Sustainable immersive experience Grue returns to Scarborough for a third year, and it’s bigger and better than ever. We caught up with the project’s designer Steve Wintercroft, to learn more about how the fantastical world was made from cardboard and what surprises visitors can expect.
Running until 23 December at Scarborough Library, Grue is a welcoming wintry experience that transports visitors into a magical world made entirely of recycled cardboard. Produced by Arcade and created with the help of over 500 volunteers, the family-friendly installation has now become a well-established seasonal tradition.
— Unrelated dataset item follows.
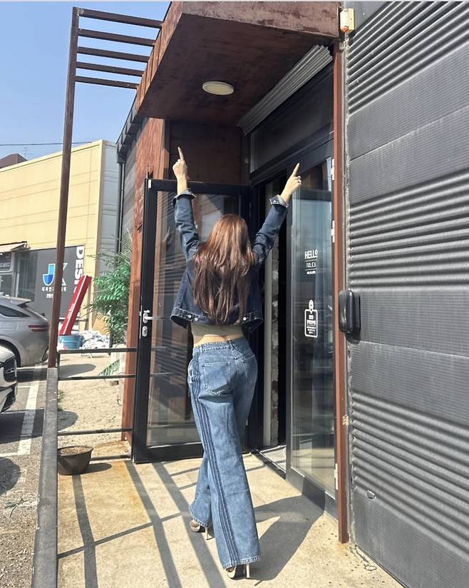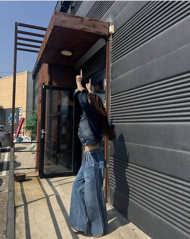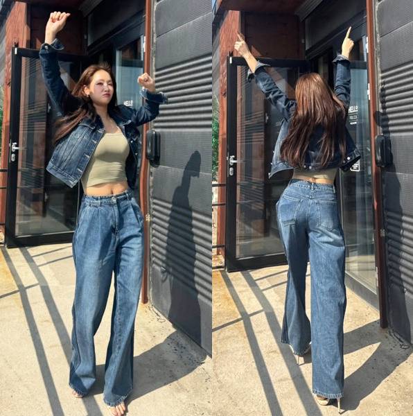 소유는 크롭탑에 진청 데님 재킷, 그리고 하이웨이스트 와이드 데님 팬츠를 매치해 상하의 통일감을 주면서도, 복부 라인이 드러나는 스타일링으로 특유의 건강한 섹시함을 강조했습니다.

A key creative behind the project is Scarborough artist Steve Wintercroft. His iconic designs have played key roles in progressive conservation campaigns, making the designer and visual artist perfectly suited to the project.
Speaking to Creative Boom, Steve says that the team behind Grue constantly learns each year as the project develops, with each iteration becoming more sophisticated. “Our first year was very experimental; we had no idea how much we could build or what level of complexity was achievable,” he reveals.
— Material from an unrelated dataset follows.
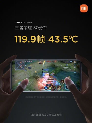 今天,小米手机官方公布了一则实测数据,《王者荣耀》小米12 Pro 近满帧玩半个小时,最高43.5度。

“Also, Grue has an embedded environmental message that takes subtlety to balance in a way that allows discussion without shouting a message. Although the project advances in its ambition each year, it deliberately retains a feeling of being something you could make for yourself at home.”
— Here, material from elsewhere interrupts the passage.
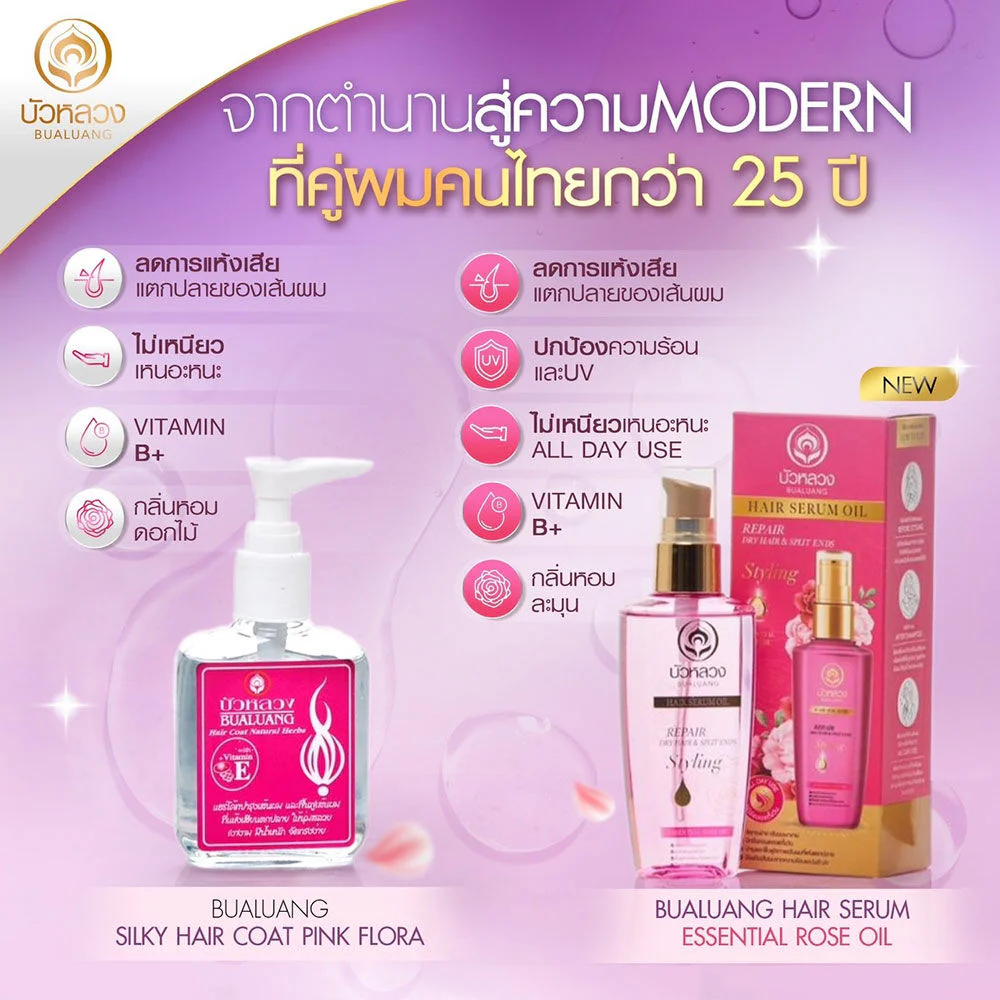 Bualuang Silky Natural Herbs Vitamin E+ Pink Flora Hair Serum 85ml

As an overall project, Steve explains that Grue emerged in response to a series of opportunities, restrictions and goals. “Arcade’s Rach Drew and I had been offered the gallery space at the Old Parcel Office Scarborough in the weeks running up to Christmas 2021,” he says.
“In the shadow of COVID-19 restrictions, we had a vast empty gallery, a short development window and limited resources. So, we created a flexible experimental project that could make the most of our available resources.”
At the same time, Grue had to answer three aspirational questions. These included whether or not cardboard could be used to transform a space that transported people away from their everyday experience, whether it could bring the community together and teach new skills, and whether it could raise waste and recycling issues.
Of course, Grue answered all of these queries well and truly to deliver an experience like no other. “Grue remains a flexible, ever-changing idea that we can mould to fill most locations with cardboard wonder,” Steve adds.
As for where all the cardboard comes from, Steve says that local businesses and individuals donate it. “For the past two years, local paper specialist G.F. Smith has donated off cuts and waste, which has given us access to some beautiful coloured cards and paper.”
When it comes to recycling and repurposing all of this cardboard, roughly 520 people cut, folded and glued Grue together in free papercraft workshops, which were run in the months leading up to the installation. “This year, we held workshops in Scarborough Library and went to schools, Guides and Grownie groups to run workshops with them,” Steve adds.
“We want anyone to be able to get involved, so the objects we build range in complexity from simple cut-out shapes to intricate sculptural pieces. Depending on their available time and experience, people can take part by making a feather or designing and building an entire cardboard office.
“Making is unique. Transforming one thing into another, imparting value into waste. Each year, we start with a pile of cardboard and an empty room; seeing the space transform feels like some form of magic. I’ve met so many amazing people through this project and am always grateful for the opportunity to sit and chat and make with them.”
There’s still just shy of two weeks to head over and visit Grue. And this year, it’s not only the location that has changed. “We’ve pushed further with the complexity of the sculptures and narrative, then added live actors to greet visitors and guide them through the experience,” Steve concludes.
“The response so far has been fantastic, and we look forward to welcoming many more explorers in the run-up to Christmas.”